Let Down by Radiohead on Grooveshark

6 Haziran 2010 Pazar

üstünde yürüdüğün yolun nereye gittiğini bilmiyorsan yol diyebilir misin ona hala? sadece üstünde yürüyor olmak yol yapar mı onu? biz nereye gittiğini bilmediğimiz bir yolda yürüyorduk. dinliyordum ben fazla konuşmadan, söylenen her şeyin kendi etrafıma diktiğim cahillik, sığlık ve umursamazlık duvarlarını bir bir yok ettiğini görerek. duyduğum her şeye bir cevabım vardı ama sadece kendi içimde ifade bulan cevaplardı, hiçbirini dile getirmedim. öyle ya istediklerini söylemek suç, hatta zayıflık değil miydi? bir oyun oynamak gerekiyordu ben de kendi rolümü oynuyordum. cennet kuşlarının çiftleşme dansı gibi ama o kadar estetik değil kesinlikle. derken gökyüzüne çevirdim bakışlarımı. işte yine oradaydı venüs ve yine öyle parıldıyordu. "evet venüs böyle parıldıyorsa yaz gelmiş demektir." dedim birden. evet konuyla tamamen alakasızdı dediğim. ama gerçekle birebir alakalıydı.

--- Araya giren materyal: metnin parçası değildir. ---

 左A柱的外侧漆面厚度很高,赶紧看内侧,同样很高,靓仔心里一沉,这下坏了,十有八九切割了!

mp3 playerım çantamda açılmıştı bir keresinde kendi kendine, tüm gün boyunca müzik vardı çantamın içinde kimsenin duymadığı. otobüse bindiğimde çantamı açtım ve ancak o an farkettim bu durumu. çantamın içinde güzel müzikler çalmış bugün diye düşündüm önce. ama hayır! ben dinlemediğim sürece güzel midir o müzik? hatta müzik midir o ben dinlemiyorsam? ben dinlediğim sürece güzel müzikler çalıyor o alet, ben dinlemediğimde hiçbir şey çalanlar. peki o zaman şarjı neden bitmişti? o enerji nereye gitmişti?

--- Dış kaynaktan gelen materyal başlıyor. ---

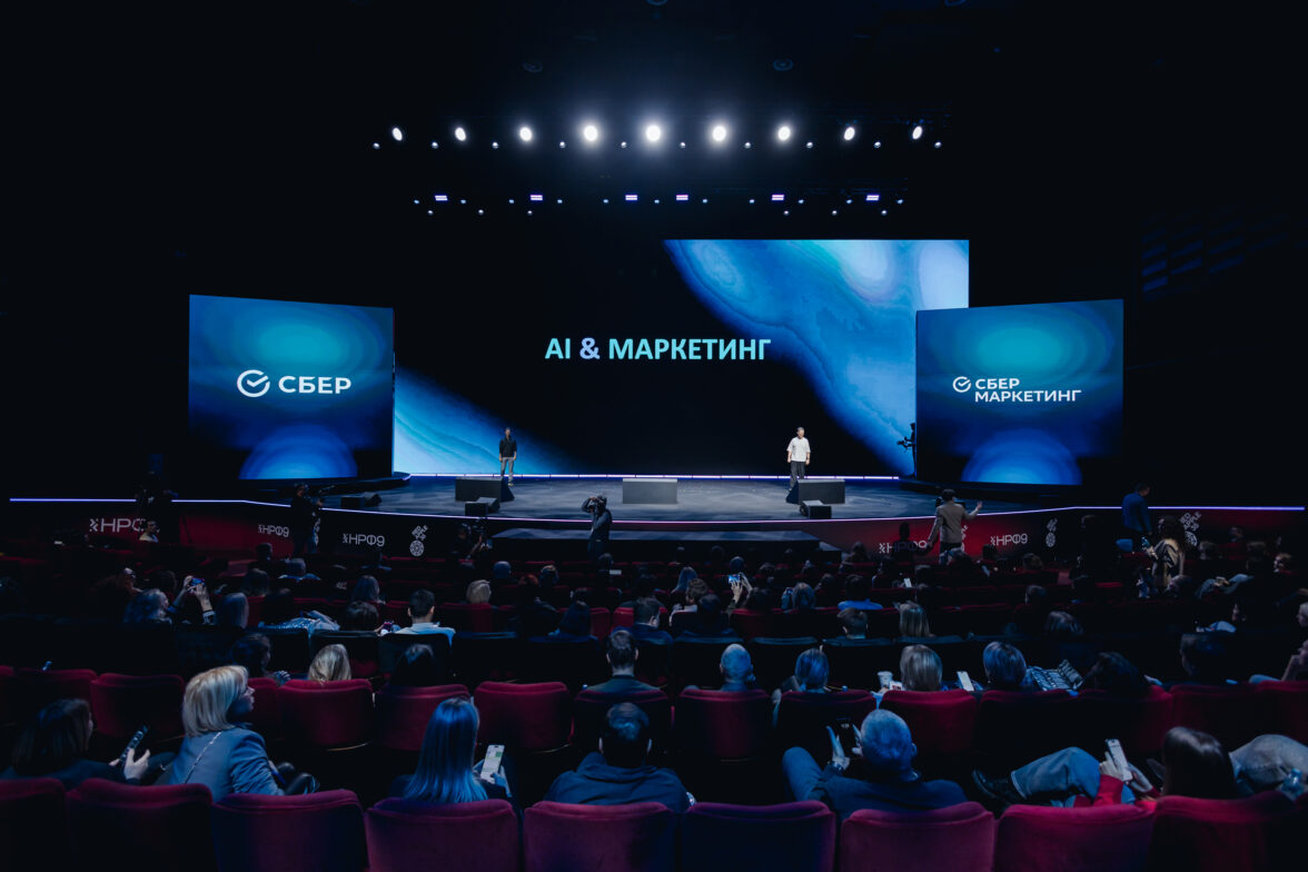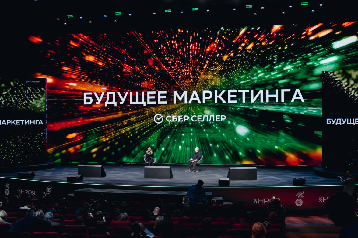 Сперва со сцены НРФ’9 они представляют исследование, которое провели СберСеллер и СберМаркетинг, и фильм о том, как изменится мир, технологии и сам человек в ближайшем будущем. И это важно, ведь маркетинг всегда следует за человечеством.

anlatıyordu o ve ben dinliyordum. anlatacak o kadar fazla şeyi vardı ki... benim de vardı anlatacağım bir çok şey ama ben anlatmayı tercih etmedim pek. aslında aynı yollardan geçmiştik ikimiz de hemen hemen. çok okumuştuk, çok sorgulamıştık, çok zekiydik ve "biliyorduk". kendi adıma beni bunların hiçbiri mutlu etmedi geçmişte. ve matrix'i izlerken cypher "ignorance is bliss!" dediği an ben de kararımı vermiştim. mutluluğun yolu sığ olmaktan geçiyordu. sığlığın sağladığı uyuşturucudan verdim beynime. her zaman kullandığım beylik laflarımı hazırladım, onların arkasına sığındım, beni bir kale gibi korudu o laflar. "avrupa sineması çok boktan izlemem kesinlikle!" , "seksenlerden nefret ediyorum, seksenler müziği dinlemem ben!"... ve daha nicesi. beni korudular, mutluluk da sağladılar, evet. o ise, durumundan mutlu muydu değil miydi ya da benim gibi sorunlar yaşamış mıydı bu konuda bilmiyorum ama, kendine güven kalkanı geliştirmişti kendine. benimkinden daha sağlam olduğunu gördüm onun duvarlarının. benimki tuzla buz oldu ama onunki hala orada duruyor.


hissetmenin zayıflık olduğu dünyada yaşıyoruz, hissettiklerini söylemenin ise kelimenin tam anlamıyla acizlik. televizyonda "seni seviyorum" dediği için "ezik" ilan edilen insanların hikayeleri dönüyor. kimse söylememeli ne hissettiğini birbirine. bir oyun oynanacak sadece. sartre'ın bulantıda anlattığı gibi bir oyun. cennet kuşlarının çiftleşme dansı gibi. dişi bakacak, şovu beğenirse kabul edecek, beğenmiyorsa uçup gidecek, ama erkek şovuna devam edecek kendi halinde. kimsenin birbirine ne hissettiğini söylemediği ve söylediğinde ayıplandığı bu dünyada mutlu ilişkiler olmasını bekliyorsanız çok beklersiniz derim sadece size. sakın bir şey söylemeyin! oyuna devam edin yeter. şov devam etmeli.


venüs parıldıyordu gökyüzünde tüm güzelliğiyle. venüs bu şekilde sadece yazın parıldar. "evet venüs böyle parıldıyorsa yaz gelmiş demektir." dedim birden. evet konuyla tamamen alakasızdı dediğim. ama gerçekle birebir alakalıydı.